**Your instructions:**
Every entry, start to finish, should be printed verbatim without pictures.

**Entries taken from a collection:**
******************************
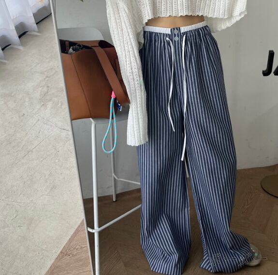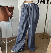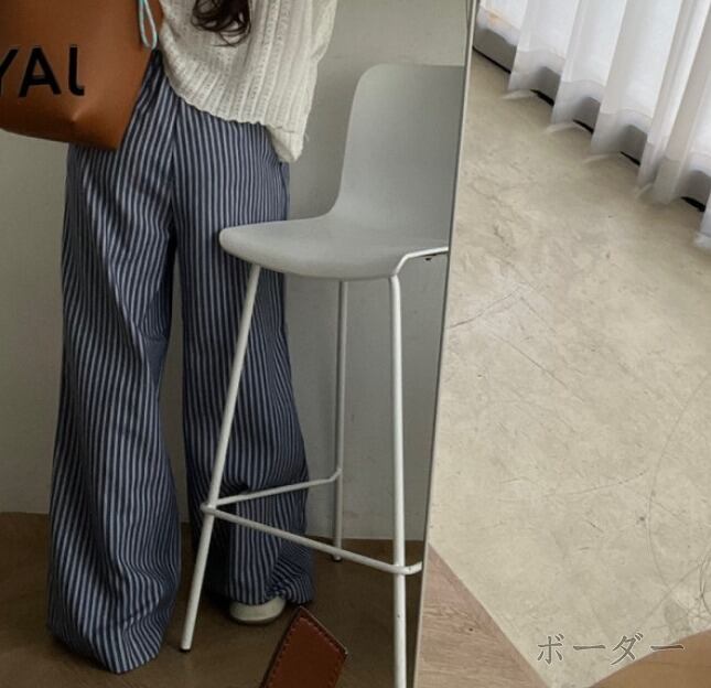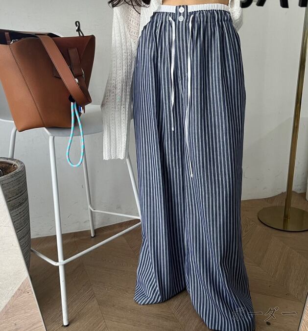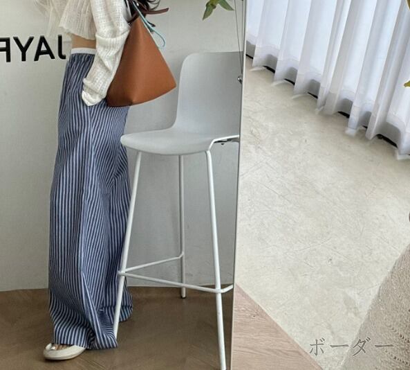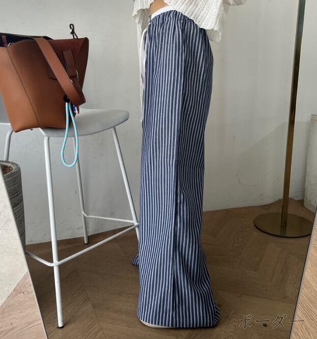 ワイド バギーパンツ 切り替え バイカラー 体型カバー 着痩せ ストライプ柄 カジュアル
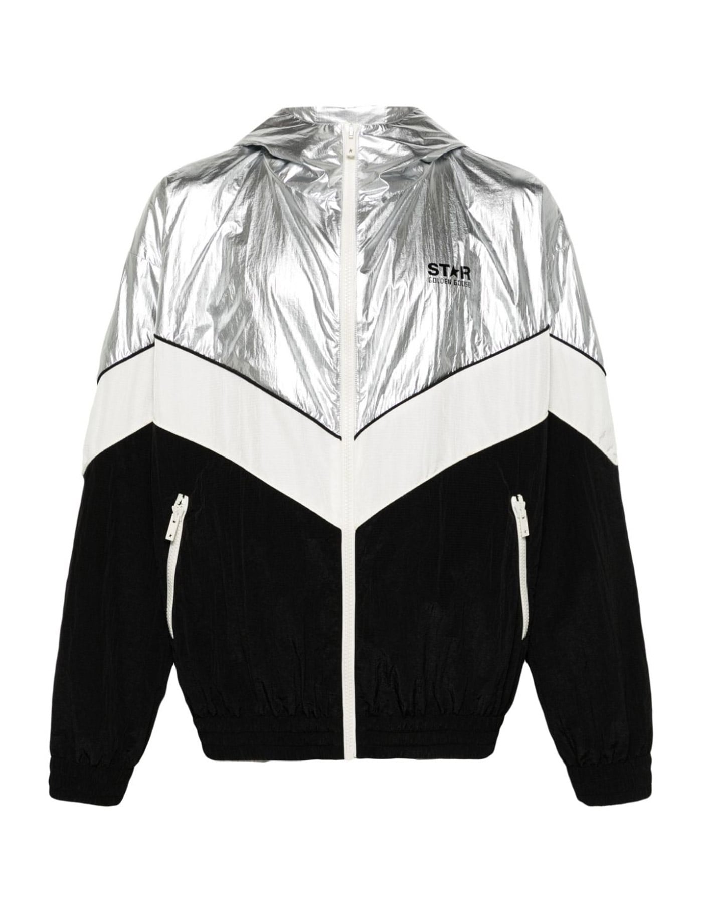 Hooded jacket from the Star collection by Golden Goose, crafted in nylon ripstop with a patchwork design finished with tonal piping. It features zipper closure and pockets, elasticated hem and cuffs. Branded with logo print on the chest, lined. Loose fit with dropped shoulders. The model is 187 cm tall and wears size IT 48.
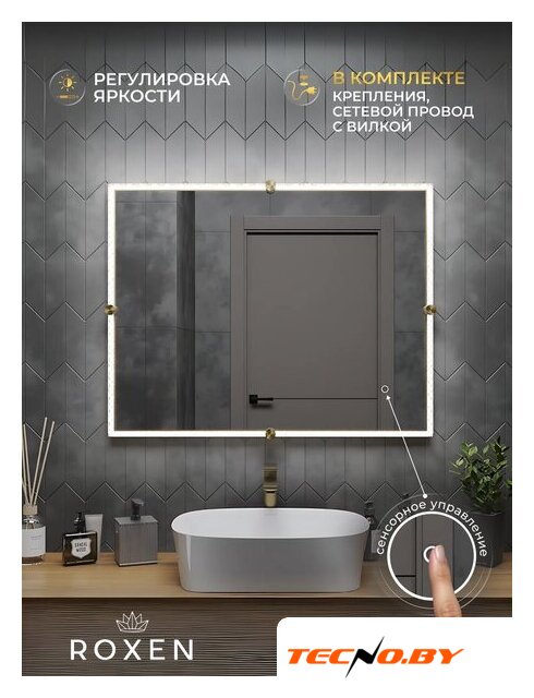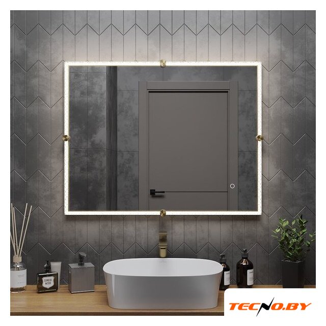 зеркало, с подсветкой, подвесная установка, ширина: 90 см
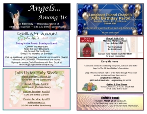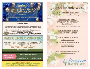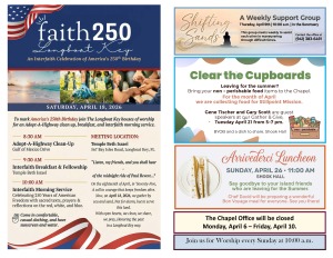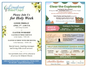 There are numerous ways for you to become active in the Longboat Island Chapel. Here are just a few: Become a volunteer at the Lord’s Warehouse. Volunteer to be an usher or greeter on Sunday mornings. Sign-up sheets are in the Shook Fellowship Hall. Stop by the Chapel...
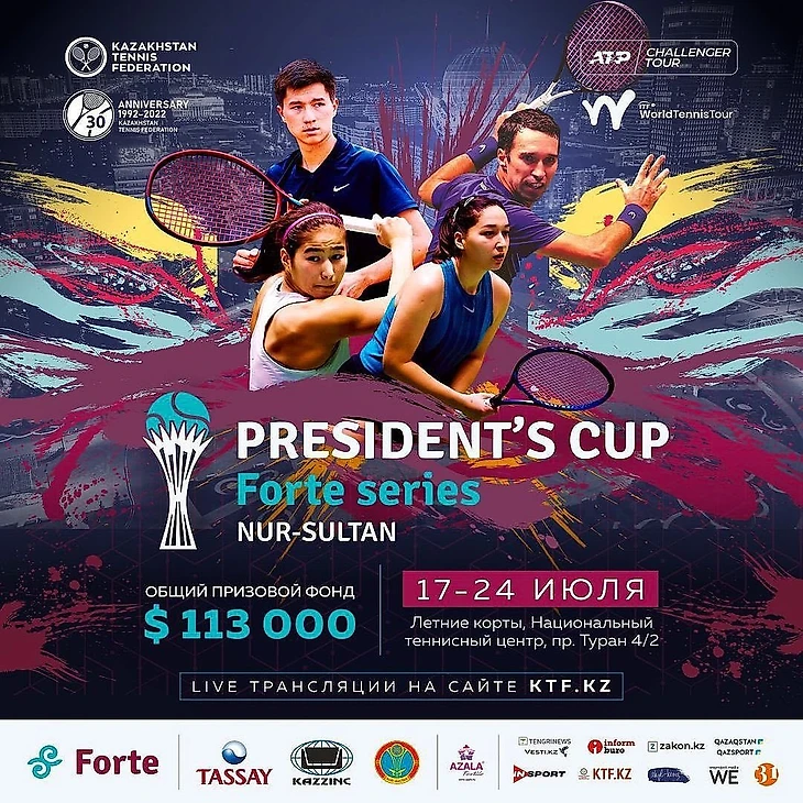 С 17 по 24 июля в столице в рамках «Кубка Президента» состоятся международные турниры серии ATP Challenger Tour и ITF Women's World Tennis Tour. Игры проходят на летних хардовых кортах Национального теннисного центра. Вход на игры свободный!
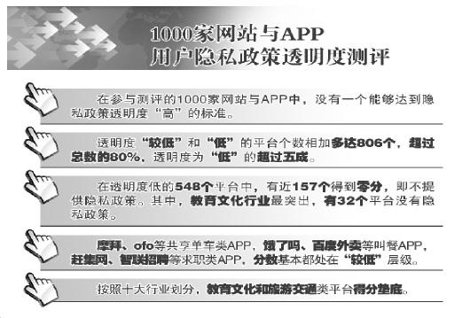千家网络平台测评用户隐私政策透明度 157家得零分
******************************
**Written reply:**
 ワイド バギーパンツ 切り替え バイカラー 体型カバー 着痩せ ストライプ柄 カジュアル
 Hooded jacket from the Star collection by Golden Goose, crafted in nylon ripstop with a patchwork design finished with tonal piping. It features zipper closure and pockets, elasticated hem and cuffs. Branded with logo print on the chest, lined. Loose fit with dropped shoulders. The model is 187 cm tall and wears size IT 48.
 зеркало, с подсветкой, подвесная установка, ширина: 90 см
 There are numerous ways for you to become active in the Longboat Island Chapel. Here are just a few: Become a volunteer at the Lord’s Warehouse. Volunteer to be an usher or greeter on Sunday mornings. Sign-up sheets are in the Shook Fellowship Hall. Stop by the Chapel...
 С 17 по 24 июля в столице в рамках «Кубка Президента» состоятся международные турниры серии ATP Challenger Tour и ITF Women's World Tennis Tour. Игры проходят на летних хардовых кортах Национального теннисного центра. Вход на игры свободный!
千家网络平台测评用户隐私政策透明度 157家得零分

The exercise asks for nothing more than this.